> [TASK INSTRUCTIONS]: Would you transcribe the listing exactly as it stands, minus any images?

> [DATA SHOWN]:

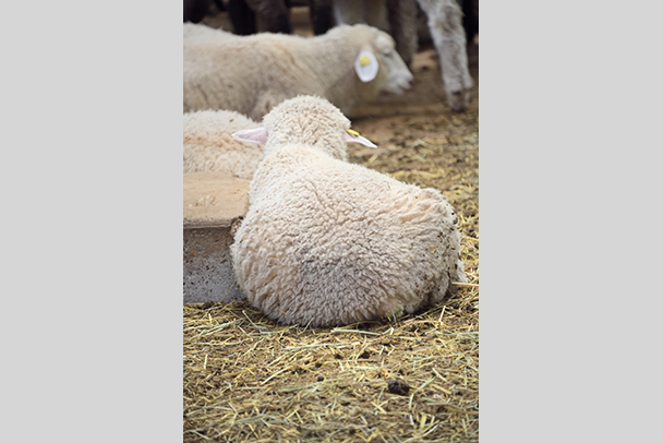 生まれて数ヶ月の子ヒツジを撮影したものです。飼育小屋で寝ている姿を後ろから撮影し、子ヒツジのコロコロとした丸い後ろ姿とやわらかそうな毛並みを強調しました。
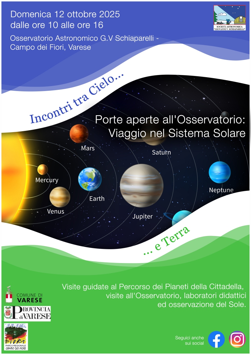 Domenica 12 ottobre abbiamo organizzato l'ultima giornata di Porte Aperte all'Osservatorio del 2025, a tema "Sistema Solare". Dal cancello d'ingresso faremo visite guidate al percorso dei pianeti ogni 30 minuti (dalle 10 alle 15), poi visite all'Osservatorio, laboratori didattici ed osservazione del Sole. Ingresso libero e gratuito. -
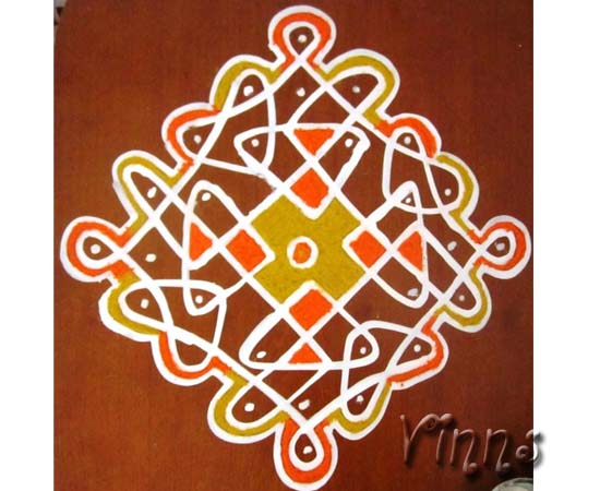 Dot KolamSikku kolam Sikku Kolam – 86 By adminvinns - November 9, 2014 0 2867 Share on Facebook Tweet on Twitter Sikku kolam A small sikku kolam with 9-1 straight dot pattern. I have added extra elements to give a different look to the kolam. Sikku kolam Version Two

> [ANSWER TO THIS TASK]:
 生まれて数ヶ月の子ヒツジを撮影したものです。飼育小屋で寝ている姿を後ろから撮影し、子ヒツジのコロコロとした丸い後ろ姿とやわらかそうな毛並みを強調しました。
 Domenica 12 ottobre abbiamo organizzato l'ultima giornata di Porte Aperte all'Osservatorio del 2025, a tema "Sistema Solare". Dal cancello d'ingresso faremo visite guidate al percorso dei pianeti ogni 30 minuti (dalle 10 alle 15), poi visite all'Osservatorio, laboratori didattici ed osservazione del Sole. Ingresso libero e gratuito. -
 Dot KolamSikku kolam Sikku Kolam – 86 By adminvinns - November 9, 2014 0 2867 Share on Facebook Tweet on Twitter Sikku kolam A small sikku kolam with 9-1 straight dot pattern. I have added extra elements to give a different look to the kolam. Sikku kolam Version Two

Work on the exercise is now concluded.